Like your morning coffee or yoga practice, mindfulness can be a powerful tool.

Most of us don’t think about how we think. Most of us don’t shine a black light on our daily thoughts. We just allow them in and we can drown in them. Sometimes they consume us, control us, making us tense and anxious, keeping us in a panic state.

When this happens, we’re pulled out of the present and start to live in our heads (in the past or in the future).

That is not actually living. It’s just worrying a lot.

Step 1: Awareness—Shine a Black Light on Your Thoughts

Notice your thoughts. Don’t judge them. Just practice noticing them. Also, notice the feeling in your body when you have those thoughts. Notice. Notice. Notice.

Watch your thoughts as if they were drifting in a snow globe.

Step 2: Question Your Thoughts

Many of our thoughts are marked by faulty logic and stem from fear. We dwell on the past and worry about the future. We exaggerate, jump to conclusions, and play back memories through the old lens of who we used to be. We create stories because we are afraid. Over and over and over again. Until these kinds of thoughts become our default, our knee-jerk way of thinking. Thinking this way becomes more than a habit. It becomes a way of living. Or actually, not living.

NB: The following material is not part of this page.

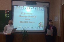 20 февраля в 5 В прошел классный час , посвященный Международному дню родного языка на тему «Языки народов мира». Учащиеся подготовили презентацию, сообщения о языках нашей республики, читали стихи поэтов разных национальностей; познакомились с высказываниями классиков 18-19 веков о родном языке.

All we’re doing is waking up, drinking too much caffeine, and doing lots and lots of thinking. Break this pattern by questioning your thoughts. Is there truth in them or are they tainted? Put your thoughts on trial. Know that thoughts are not facts. They’re just thoughts. They will come and go. Don’t get attached to them and allow them to get so heavy and negative that they drown you.

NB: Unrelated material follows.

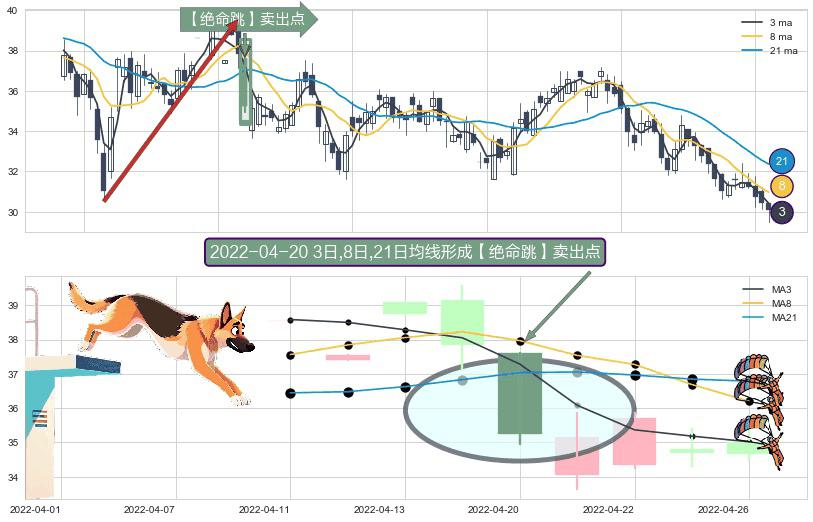 ⚀ 2022-04-20日显现 3日-8日-21日均线 【绝命跳】卖出点 看空信号,后市看跌,卖出

Step 3: Notice Recurring Patterns in Your Thoughts

Can you discern patterns in your way of thinking? Do you jump to conclusions? Do you struggle with all-or-nothing thinking? Do you assume that another person is thinking something about you when they’re not? What are the circumstances when you do that? What feelings trigger this type of thinking? And more importantly, how do the patterns distorting your thinking manifest in your behavior?

Do you break up with your partner because they forgot to text you within an hour? Do you sabotage opportunities because you don’t think you can do something without any real proof that you can’t? Do you try to fix things for people who didn’t ask you to just so you can believe you are valuable?

Treating your mind better means understanding how it works. Once you start to understand how your thinking affects your behavior, you can take action to correct both your thought patterns and your behavior. Everything starts with understanding. Without it, you will just go through a lot of motions. Once you really understand your patterns and their impact on your everyday life and choices, you will know what you need to work on.

After you do these three steps—becoming aware of your thoughts, questioning your thoughts, and finding the patterns in your thoughts—you’ll be able to pull back and see what’s going on. You’ll no longer believe that bad things happen because you’re unlucky or defective. You’ll understand that this thought is distorted and a reaction to false beliefs about yourself. Once you see the process, you can choose to fix it by stopping it.

When you notice your distorted thinking or false beliefs or fear, instead of reacting, you can evaluate. You now know that there is a different path and you can choose to take it by responding differently. By doing so, you give yourself a new experience, and the more new experiences you give yourself, the more you create new tracks.

You know that eating a healthy diet and getting regular exercise can transform your body. The hard part, of course, is actually doing those things. It’s the same with transforming your ingrained thoughts, distorted thinking, and false beliefs. Those old habits of thought run deep, and you can’t change them just by reading something or willing them to change.

As I mentioned earlier, transformation takes daily practice. The goal is to get to a place where you start to notice a difference. And you have to believe that your new practice will work or you won’t do it.